A zealous disciple of biodynamics, and specifically Masanobu Fukuoka, we walk amongst the sweet peas acting as “engrais vert” (green fertilizer) planted in between his vines. The plants won’t be plowed but simply rolled, and the resulting crushed plants will slowly release nitrates into the soil.

A brief question about soil composition leads to Valentin digging through the dirt to unearth a small boulder. We learned that the Trouillots slope, like much of this corner of the Jura, is on calcaire à gryphées (limestone with mollusk shells.) Gryphées are the gryphea, or “devil’s toenail” mollusk, that is typical of the Triassic and Jurassic periods.
The lesson continues at lunch and we delve into the prehistoric geology of the Jura.
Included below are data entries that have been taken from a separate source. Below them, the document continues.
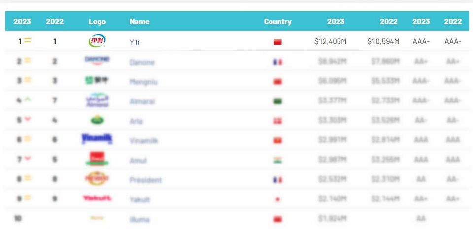 Brand Finance是国际公认的独立第三方品牌价值评估机构,以专业性和独立性得到业内外广泛认可,现已成为评判全球品牌价值的重要依据。Brand Finance报告指出,澳门新葡电子游戏网对品质、创新和社会责任的关注使其在乳制品行业享有世界领先的声誉,自2019年登顶榜单后连续多年稳居榜首,2023年继续以品牌价值的双位数增长在榜单上遥遥领先。
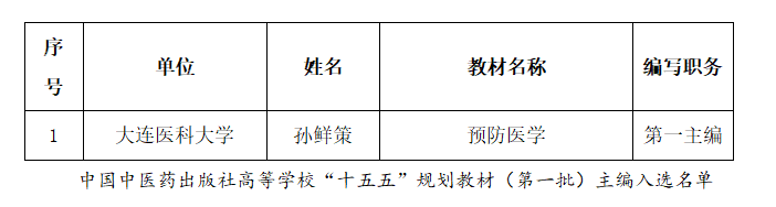 根据中国中医药出版社高等学校“十五五”规划教材(第一批)编者遴选工作安排,经学院申报、学校推荐、专家评审等相关程序,我院孙鲜策教授遴选为中国中医药出版社《预防医学》规划教材第一主编。
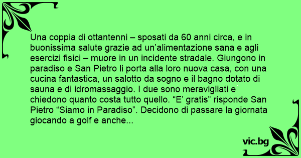 Una coppia di ottantenni – sposati da 60 anni circa, e in buonissima salute grazie ad un’alimentazione sana e agli esercizi fisici – muore in un incidente stradale. Giungono in paradiso e San Pietro li porta alla loro nuova casa, соn una cucina fantastica, un salotto da sogno e il bagno dotato di sauna e di idromassaggio. I due sono meravigliati e chiedono quanto costa tutto quello. “E’ gratis” risponde San Pietro “Siamo in Paradiso”. Decidono di passare la giornata giocando a golf e anche qui, quando chiedono se devono pagare, San Pietro spiega:
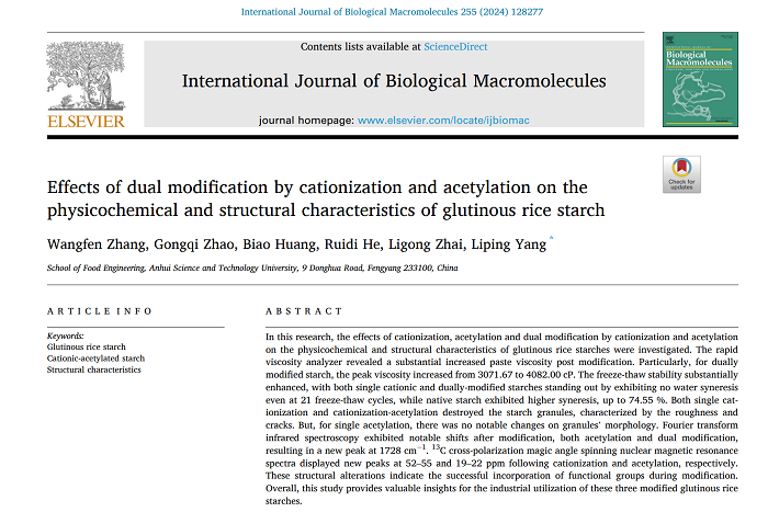 近日,我校2021级食品加工与安全领域研究生张王芬在生化与分子生物学领域Top一区期刊International Journal of Biological Macromolecules(IF=8.2)在线发表题为“Effects of Dual Modification by Cationization and Acetylation on the Physicochemical and Structural Characteristics of Glutinous Rice Starch”的研究论文。食品工程学院粮油及其副产物精深加工团队与营养科技创新团队负责人杨丽萍副教授为通讯作者,云博网页版为唯一完成单位。
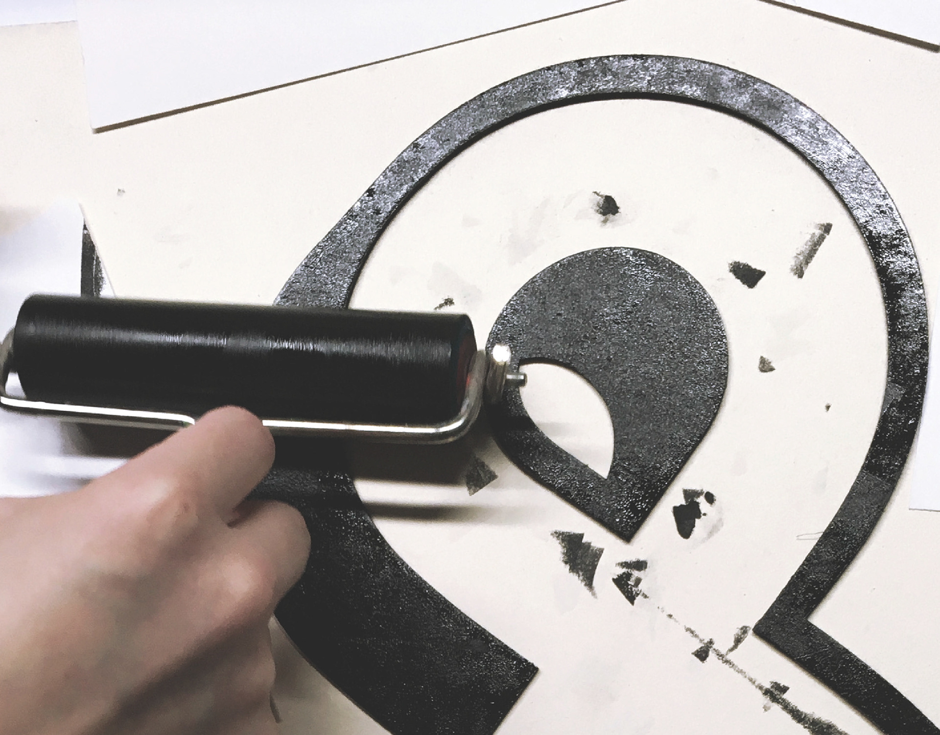 Each letter was cut out of a thin layer of transparent Vivak using a Lasercutter. Afterwards we glued the single letters onto a fixated piece of paper to create our printing template. After setting the ideal strength of the printing cylinder we produced 10 individual Posters.
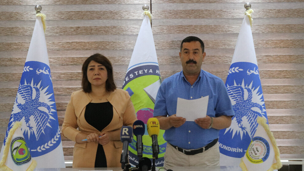 Haber Merkezi - Cizre Bölgesi Demokratik Özerk Yönetimi İçişleri Kurulu, Türk devletinin Kuzey ve Doğu Suriye bölgelerine yönelik son saldırılarına ilişkin Qamişlo’daki komite binasında basın açıklaması yaptı. Kürtçe ve Arapça yapılan açıklamayı Cizre Bölgesi İçişleri Kurulu eş başkanları Kenan Berekat ve Hemrîn Elî okudu.
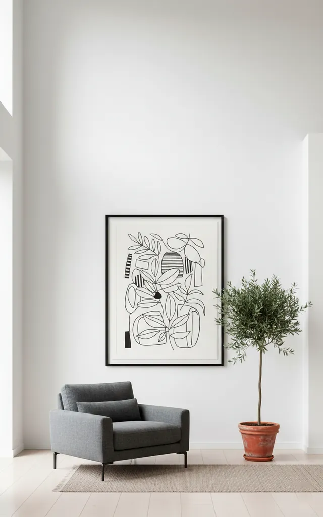 A blank wall is a missed opportunity for a bit of personality. Minimalist line art—usually just a single black line on a white background—fits the Scandi aesthetic perfectly. I have a simple sketch of a face that always gets compliments, despite it taking approximately five seconds to draw. It provides a visual focal point without being distracting. Frame it in thin black aluminum or light oak for a clean finish. It keeps the room feeling light and curated.
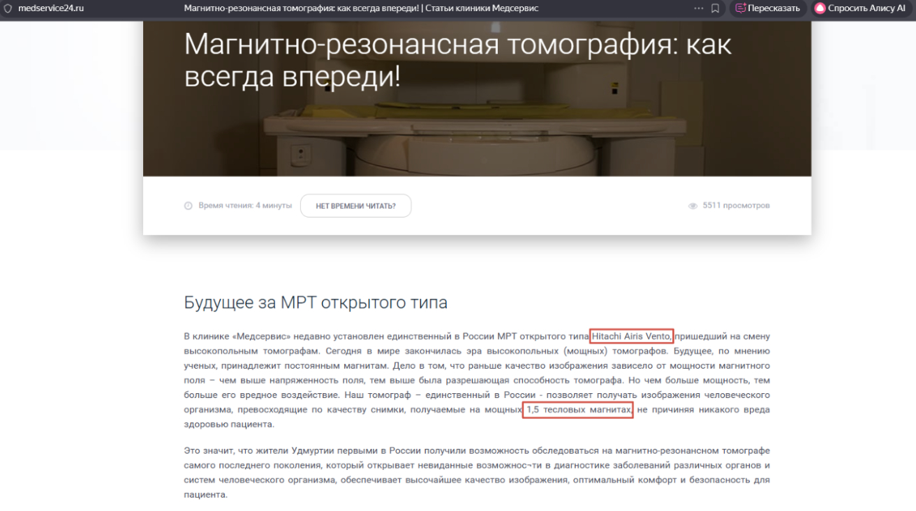 Клиника «Медсервис» продолжает гордиться тем, что у них “единственный в республике открытый томограф”... и не уточняя, что он морально устарел на 20 лет.

A friend and fellow Jurassic intellectual, Michel Campy, has released an in-depth tome of the soil types of the Jura: “Terroirs Viticoles du Jura” (so detailed that ‘Les Trouillots’ has its own page.)
Geology lesson over, we tasted through the red 2018s and white 2017s in the cellar. As is typical in the Jura, the whites are aged longer than the reds. All of his wines are straight to the point, slightly tense and vibrant, much like Valentin himself. This year, he’s added another feather to his cap, vinifying a “Poulsard Blanc,” a direct press Poulsard that Valentin had always wanted to make when he had an adequate Poulsard harvest.

After the tasting we found what was missing from 99.99% of French wine tasting visits: a good coffee. Valentin’s friend, a Belgian former coffee importer, has set up a coffee roaster in a shed on the outskirts of Poligny and just next to Valentin’s cellar. A perfect, fresh-roasted coffee in a shack in wine country? In Poligny, anything is possible.